When we set out to construct a given discipline, we distinguish, first of all, a certain small group of expressions of this discipline that seem to us to be immediately understandable; the expressions in this group we call PRIMITIVE TERMS or UNDEFINED TERMS, and we employ them without explaining their meanings. At the same time we adopt the principle: not to employ any of the other expressions of the discipline under consideration, unless its meaning has first been determined with the help of primitive terms and of such expressions of the discipline whose meanings have been explained previously. The sentence which determines the meaning of a term in this way is called a DEFINITION, and the expressions themselves whose meanings have thereby been determined are accordingly known as DEFINED TERMS.

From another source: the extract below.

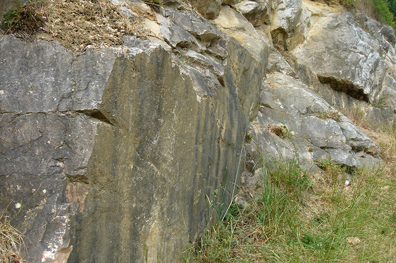 Cette surface verticale qui tronque les bancs de calcaire magnésien est un miroir de faille. Elle présente des stries de frottement horizontales (tectoglyphes). La faille correspond donc à un mouvement horizontal des compartiments de part et d’autre du plan de faille, il s’agit d’un décrochement.
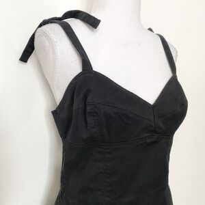 ARITZIA WILFRED BLACK TIE STRAP SWEETHEART FITTED MINI DRESS STYLE CBS4-80009-28, This is a mini dress with gathered cups, tie shoulder straps and a smocked back bodice. It's made with textured crepey fabric. The custom print is exclusive to the brand. A minimalist black sweetheart neckline sleeveless tied up straps mini fitted dress in a stretchy cotton denim - back concealed zippper fastening - pockets - not lined- has stretch - sheath large waistband seaming for a flattering touch for the silhouette. CAsual - 90's inspired - dark academia little black dress, wearable all year long yet spring and summer favorite.

MY UNDERSTANDING: My understanding of this passage is that there are three types of expressions.

  1. Primitive terms (Expressions that are grasped by intuition)
  2. Defined terms (Expressions that are only defined by the use of primitive terms)
  3. Complex expressions which are constructed with the use of primitive terms and defined terms.

QUESTION: Why does the author only distinguish between expressions that can be employed without explaining their meaning (PRIMITIVE TERMS) and expressions that can only be employed with PRIMITIVE and DEFINED terms? Aren't there expressions sort of in the middle of those two, that is, that their meanings is explained by only using PRIMITIVE TERMS?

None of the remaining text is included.